### Stored data
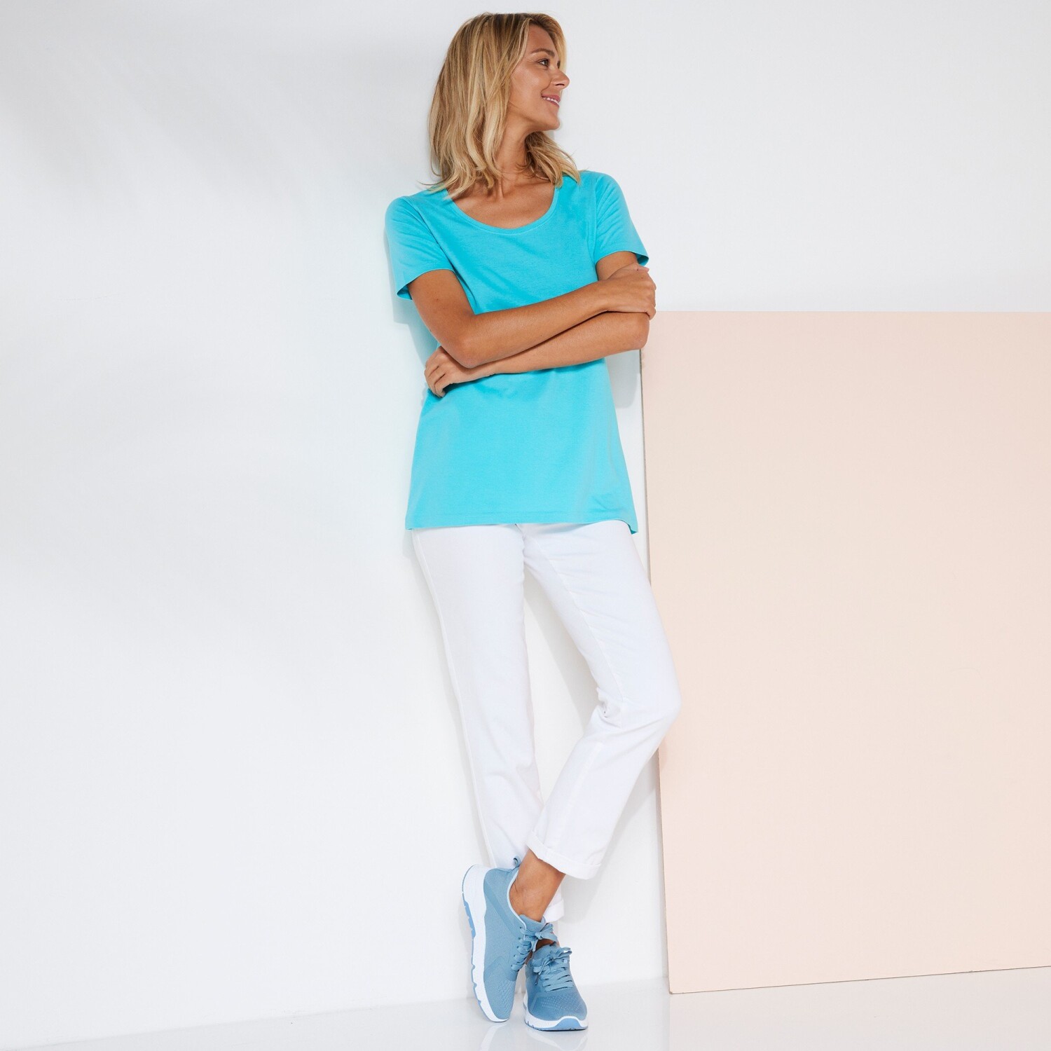 Wygodna koszulka z krótkim rękawem wykonana z bawełnianego dżerseju z certyfikatem Oeko-Tex. Okrągły, luźny dekolt. Krótkie rękawy. Lekko opadające ramiona. Zaokrąglony dół. Oddychająca koszulka, która jest wygodna w noszeniu. Standard 100 według Oeko-Tex (nr CQ 1216 / 3-IFTH). Ten znak identyfikuje produkty tekstylne, które zostały poddane testom laboratoryjnym pod kątem szerokiej gamy szkodliwych substancji, a produkt jest bezpieczny poza obowiązującymi normami. Można prać w pralce.
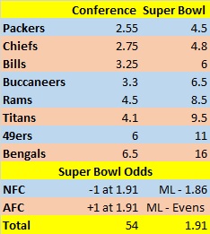 Below are the current odds at Redzone, the Moneyline for the Super Bowl is a little better at Evens on William Hill over 20/21 at Redzone, so I’ve put that price in there. They are 1.83 on the NFC. – The standard line all year has been NFC -3, so it’s come down now that they know that one of the Chiefs or Bills is likely to make it and the scoring ability those two teams have shown. A 54 point total means it would be a heck of a game at least.
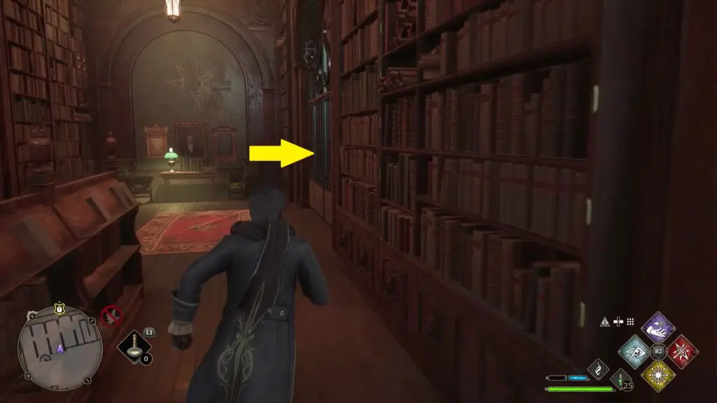 Go through the gate on the north side of the library to enter The Restricted Section. Go down the stairs and proceed in a linear path until you reach the Field Guide Page as shown in the second picture below.
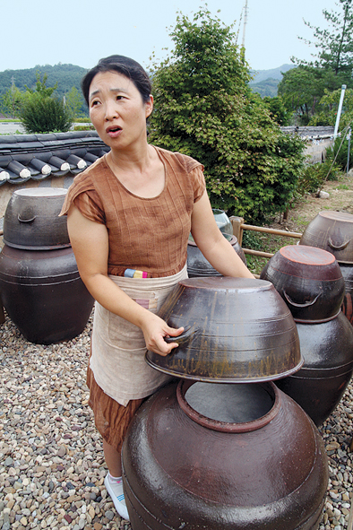 ▲수애당 안주인 문정현씨는 장이 제대로 발효되도록 왕소금과 숯, 황토를 차례로 쌓은 뒤 자갈을 깔고 장독대를 올려놓았다.
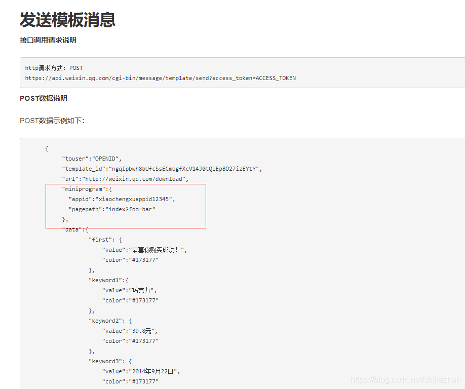 红框里的appid指定跳到哪个小程序,pagepath则指定了展示的页面。接口具体地址:
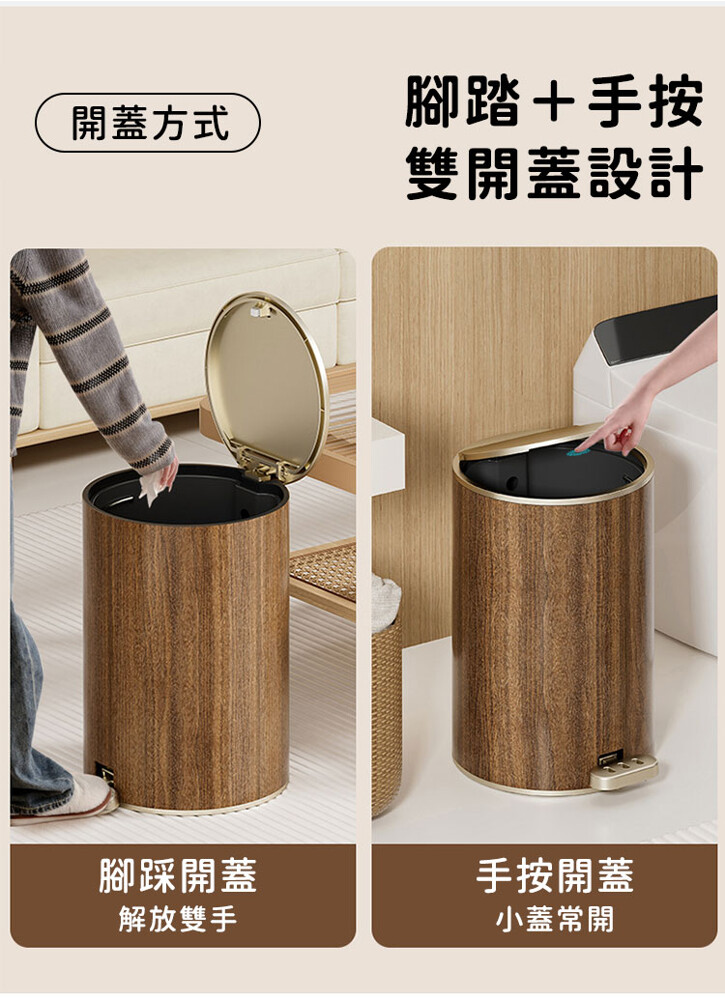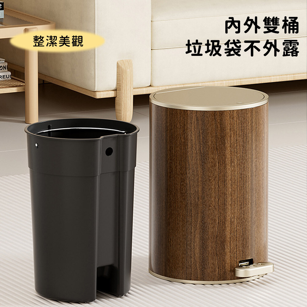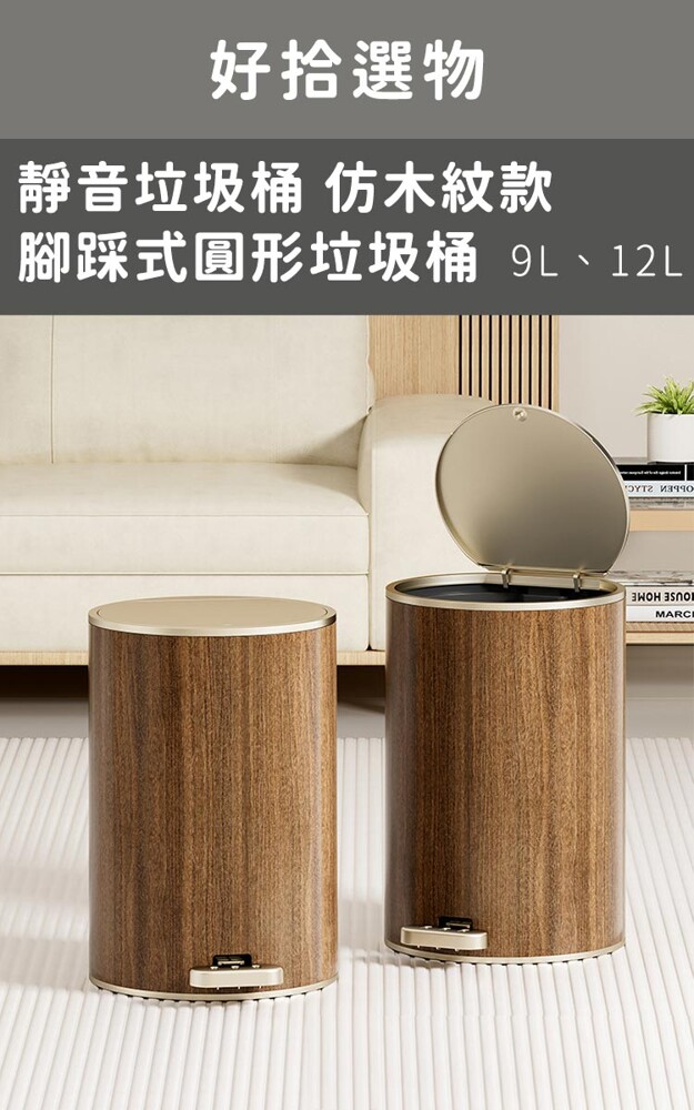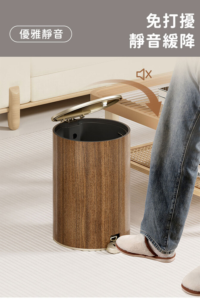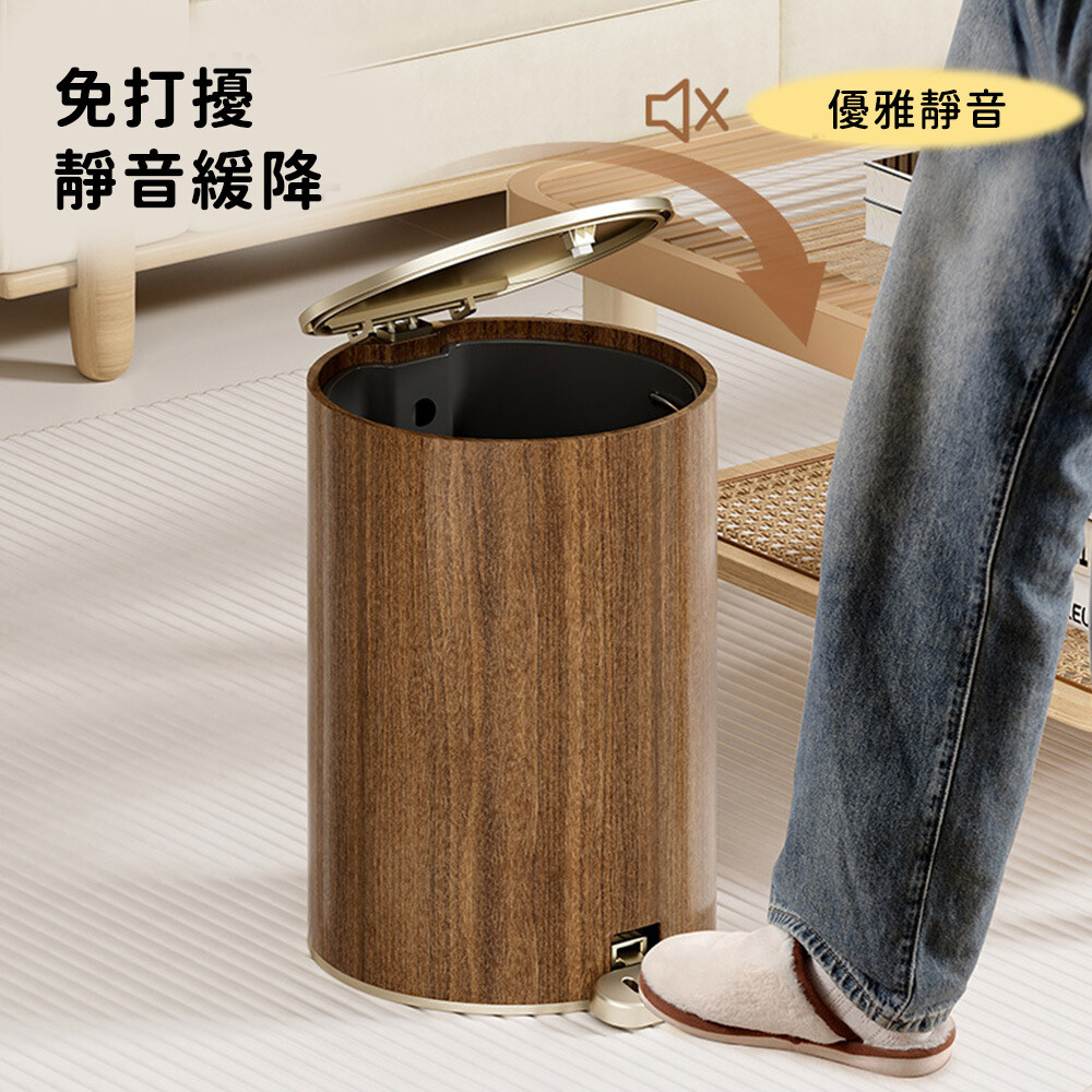 品名:【好拾選物】靜音垃圾桶 仿木紋款 腳踩式圓形垃圾桶

### Assignment
Set down exactly the lines between the one with "깔고 장독대를 올려놓았다." and the last line of the material above, both included, but none of the pictures.

### Solution to this problem
 ▲수애당 안주인 문정현씨는 장이 제대로 발효되도록 왕소금과 숯, 황토를 차례로 쌓은 뒤 자갈을 깔고 장독대를 올려놓았다.
 红框里的appid指定跳到哪个小程序,pagepath则指定了展示的页面。接口具体地址:
 品名:【好拾選物】靜音垃圾桶 仿木紋款 腳踩式圓形垃圾桶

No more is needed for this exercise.